## WHAT YOU SHOULD DO
Take the entries that follow and return exactly the lines from the one holding "Ace your Anatomy" through the one holding "Snart 3 år gammel", both included. Nothing else is needed.

## RECORDS SUPPLIED
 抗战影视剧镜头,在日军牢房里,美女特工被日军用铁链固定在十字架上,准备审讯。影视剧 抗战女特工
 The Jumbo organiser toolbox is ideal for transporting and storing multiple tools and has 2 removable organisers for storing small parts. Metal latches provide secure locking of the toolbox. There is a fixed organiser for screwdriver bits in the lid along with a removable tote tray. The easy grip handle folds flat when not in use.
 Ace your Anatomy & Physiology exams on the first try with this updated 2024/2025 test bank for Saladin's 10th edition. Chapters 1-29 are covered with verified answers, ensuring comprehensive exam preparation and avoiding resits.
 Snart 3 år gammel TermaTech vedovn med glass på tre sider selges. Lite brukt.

* * *

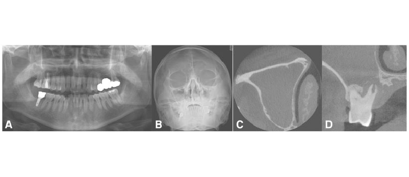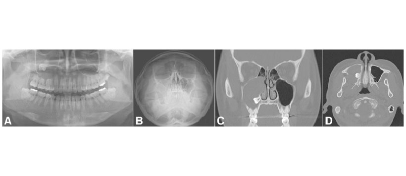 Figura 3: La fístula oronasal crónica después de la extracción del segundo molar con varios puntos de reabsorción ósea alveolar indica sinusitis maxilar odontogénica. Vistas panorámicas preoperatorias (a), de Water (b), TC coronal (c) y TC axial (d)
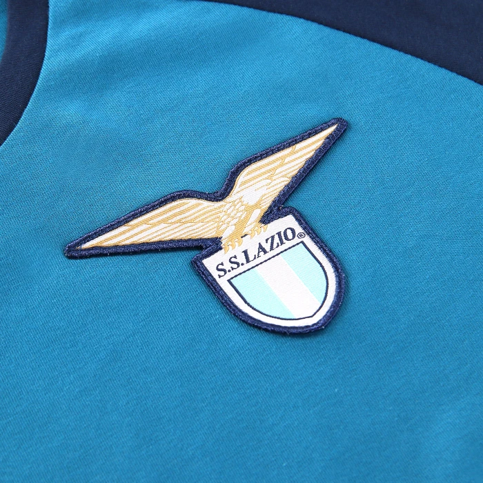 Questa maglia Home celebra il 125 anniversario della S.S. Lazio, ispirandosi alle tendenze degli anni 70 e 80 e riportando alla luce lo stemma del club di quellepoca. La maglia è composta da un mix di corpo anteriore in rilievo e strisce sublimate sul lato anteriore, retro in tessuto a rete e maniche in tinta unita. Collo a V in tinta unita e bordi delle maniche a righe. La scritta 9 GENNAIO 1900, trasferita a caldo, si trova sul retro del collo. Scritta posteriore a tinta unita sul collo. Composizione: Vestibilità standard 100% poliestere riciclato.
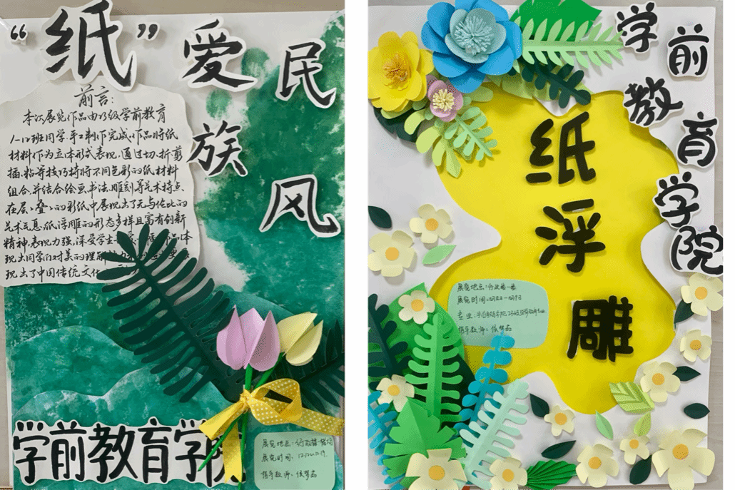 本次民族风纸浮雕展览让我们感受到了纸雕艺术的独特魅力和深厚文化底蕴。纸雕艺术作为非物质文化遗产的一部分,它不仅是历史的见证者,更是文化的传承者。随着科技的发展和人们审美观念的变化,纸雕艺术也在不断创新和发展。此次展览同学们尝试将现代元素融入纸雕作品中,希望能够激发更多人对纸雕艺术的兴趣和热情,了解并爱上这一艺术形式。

## RESULT FOR THIS EXERCISE
 Ace your Anatomy & Physiology exams on the first try with this updated 2024/2025 test bank for Saladin's 10th edition. Chapters 1-29 are covered with verified answers, ensuring comprehensive exam preparation and avoiding resits.
 Snart 3 år gammel TermaTech vedovn med glass på tre sider selges. Lite brukt.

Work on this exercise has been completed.